ParaFormer in production: Serving hundreds of millions of daily transformer forecasts for small business underwriting

Parafin Research

The same attention mechanism powering frontier large language models such as ChatGPT and Claude is structurally suited to small business underwriting. A companion post ParaFormer: A transformer architecture for small business credit underwriting“ details the model itself: how attention recovers annual seasonality from raw monthly inputs, how static features modulate the temporal pathway, and the training paradigm. This post documents the production pipeline, the modeling and engineering decisions that hold forecast robustness fixed while driving the system inside a tractable compute and latency budget.

These forecasts power real-time money movement and therefore lending at scale. At Parafin, the forecast is a critical input to offer sizing across an embedded-lending network spanning Amazon, DoorDash, Walmart, and dozens of other platforms; a tail error is not a metric regression but a missized loan. Throughput is equally consequential. Daily inference runs over years of history for more than a million merchants, ingesting billions of input points and emitting 17 quantiles across a 12-month horizon per merchant. Hundreds of millions of predictions per day. The objective is to preserve forecast robustness under a fixed compute and latency ceiling.

The remainder of this post describes how we met both targets: forecast robustness that improves on the prior production system, with daily inference completing in under an hour at population scale.

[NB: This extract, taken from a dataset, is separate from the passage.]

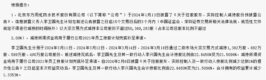运营商财经网 训练生龚婉/文 近期,东方雨虹发布了关于控股股东、实际控制人李卫国老师及同等举措人李兴国老师持股比例淘汰到达1%的提示性公告,实在就是减持套现。运营商财经网试图揭秘东方雨虹董事长李卫国的人生履历。 根据东方雨虹官网信息体现,李卫国于1965年出生,毕业于湖南农学院,本科学历。 1995年,李卫国开办长沙长虹构筑防水工程有限公司,1998年至今任公司董事长,为公司告急首创人,现兼任北京高能期间环境技能股份有限公司董事长、北京江南广德矿业投资有限公司实行董事等。 胡润研究院发布《2024胡润举世富豪榜》,东方雨虹董事长李卫国以165亿元人民币产业位列胡润“举世富豪榜”第1577位。从2017年到2024年,李卫国一连八年上榜,是一位当之无愧的湖南富豪。 但值得留意的是,2021年东方雨虹在股价下跌时,推出了员工持股操持,终极有1411员工“加杠杆”加入。 作为董事长的李卫国,通过大宗买卖业务以53.79元/股代价转让给员工1500万股,套现约8.07亿元。 对此,李卫国允许:在员工持股操持整理阶段,根据可分配给员工的终极金额所盘算出的员工自有(自筹)资金年化收益率如低于8%,则由李卫国对员工自有资金本金兜底补足,且为员工自有(自筹)资金提供年化利率8%(单利)的赔偿。 但是,客岁11月,一位自称东方雨虹去职员工发帖称,当初加杠杆斥资百万买公司股票,虽签了放弃收益的声明,但去职一年仍未拿回本金。 东方雨虹董秘张蓓针对网上的听说还曾回应称,“李总”肯定会按照持股操持协议要求推行允许。 如今,李卫国分别于2024年3月11日、12日、14日、18日通过二级市场大宗买卖业务方式减持1,382万股、892万股、599万股、490万股公司股份,前述减持完成后,卫国老师及其同等举措人李兴国老师合计持股比例由22.8450%降至21.5096%,合计拥有的权益累计淘汰1.3353%。 东方雨虹同时发公告体现,减持所得资金将用于推行公司2021年员工持股操持兜底补足允许。可否实现2021年的允许“为员工自有(自筹)资金提供年化利率8%(单利)的赔偿”,运营商财经网将一连关注。 东方雨虹产生上述题目标缘故因由是比年来股价大跌,其毕竟股权鼓励的代价有53元多,但停止3月28日收盘时股价只有16.06元,导致持股员工的股票市值远不如他们的买入价。 |

1. Population segmentation and temporal granularity

The first lever is scope. Not every merchant warrants a deep sequence model, and not every temporal resolution justifies its compute. Fixing these boundaries early maximizes both robustness and efficiency.

1.1 Routing by data density

We partition the 1M+ merchant population into three inference pathways:

  • Dormant and churned accounts — zero sales over the trailing 12 months bypass model inference entirely and receive a static zero forecast.
  • Active, short-history merchants (<12 months) route to a lightweight, conservative model. The TFT’s self-attention is engineered to capture long-range temporal dependence and annual seasonality; on sub-annual sequences it confers no advantage.
  • Active, long-history merchants (≥12 months) pass to the full TFT pipeline.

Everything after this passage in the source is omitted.